"Nasza obecność musi uspokoić naszych sojuszników na miejscu, to jest strategiczny kierunek naszej dyslokacji" – zapewnił generał Paul Sanzey, dowódca 27. Brygady Piechoty Górskiej (BIM), skupiającej wszystkie oddziały górskie, przystosowane do działań w warunkach do terenowych podobnych zimą do tych w Rumunii.

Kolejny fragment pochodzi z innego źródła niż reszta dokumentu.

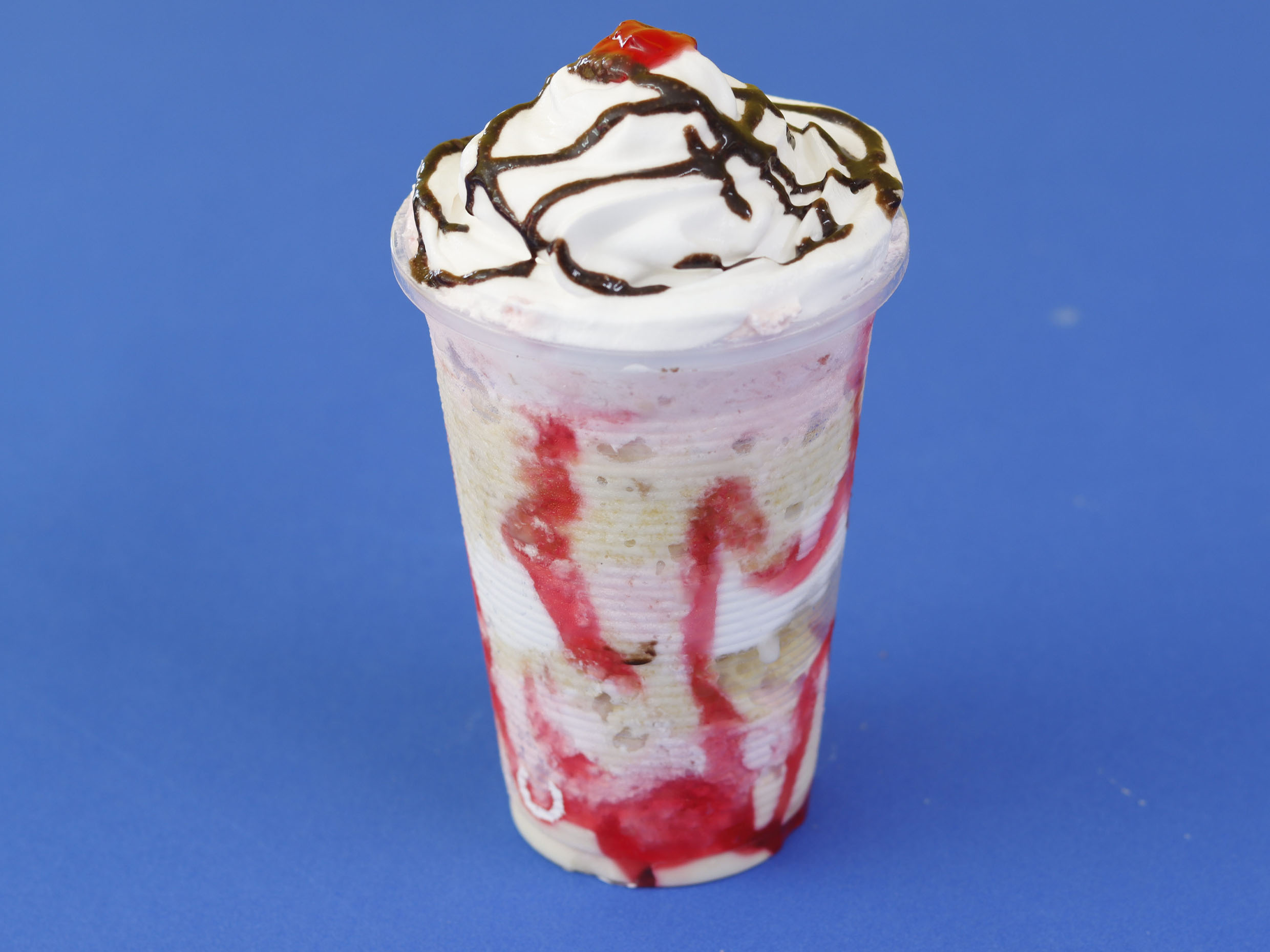 Pan de vainilla bañado en tres leches, relleno de mermelada de fresa y chantilly decorado, fruta de temporada. Individual.
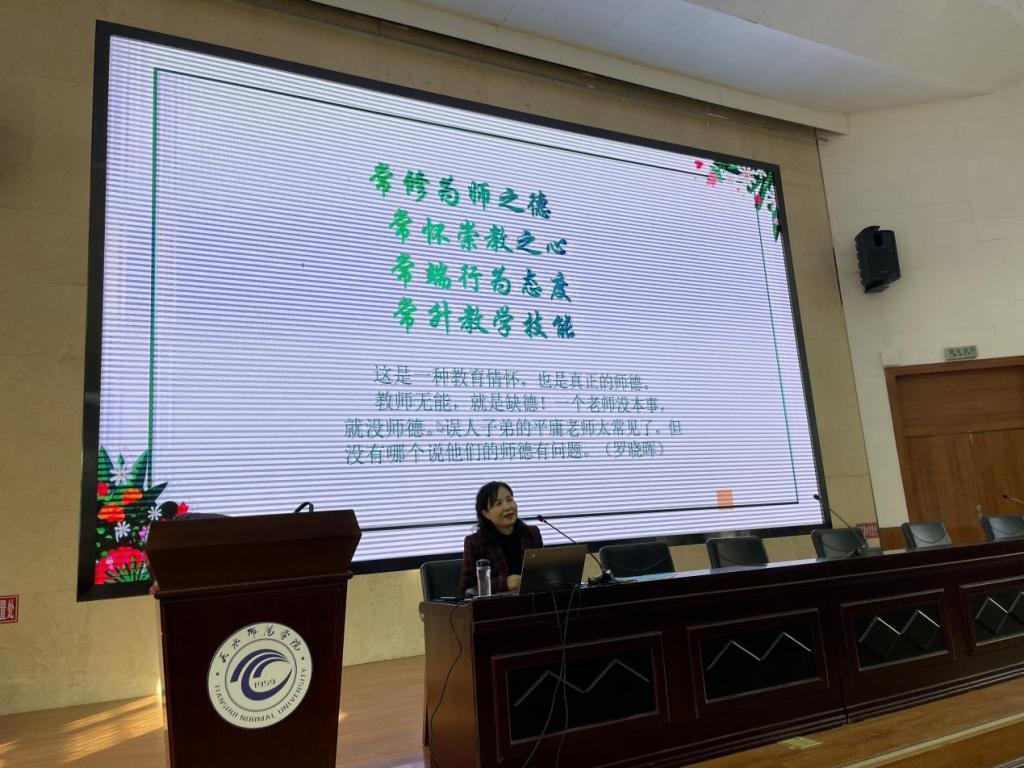1月5日下午和晚上,甘肃省特级教师、中学正高级教师、天水市逸夫实验中学副校长马佩霞作了题为“明明白白学做语文教师”的专题讲座。马佩霞老师从“有业”“敬业”“乐业”三个方面阐述了教师的意义和价值,传授了自己学做语文老师的经验,为广大师范学生从教提供了行动指南。

"Mam wrażenie, że wracamy do zimnej wojny. Robimy to, co robili starzy pułkownicy" – skomentował prasie porucznik Thomas. Prezydent Macron liczy na naszą "czujność i wkład w obronę granic NATO w obliczu zagrożenia Europy" – oświadczył z kolei kapitan Frederic z batalionu strzelców alpejskich.

Dyslokacja francuskich żołnierzy w ramach NATO została zapowiedziana 19 stycznia przez prezydenta Emmanuela Macrona jeszcze przed inwazją Rosji na Ukrainę. W piątek w Brukseli prezydent Francji zapowiedział przyspieszenie działań na rzecz wzmocnienia wschodniej flanki NATO.

W poniedziałek prezydent wystosował do francuskiej armii przesłanie, w którym podkreślił, że "całkowicie ufa francuskiej armii (...) i pokłada wielkie nadzieje w jej żołnierzach".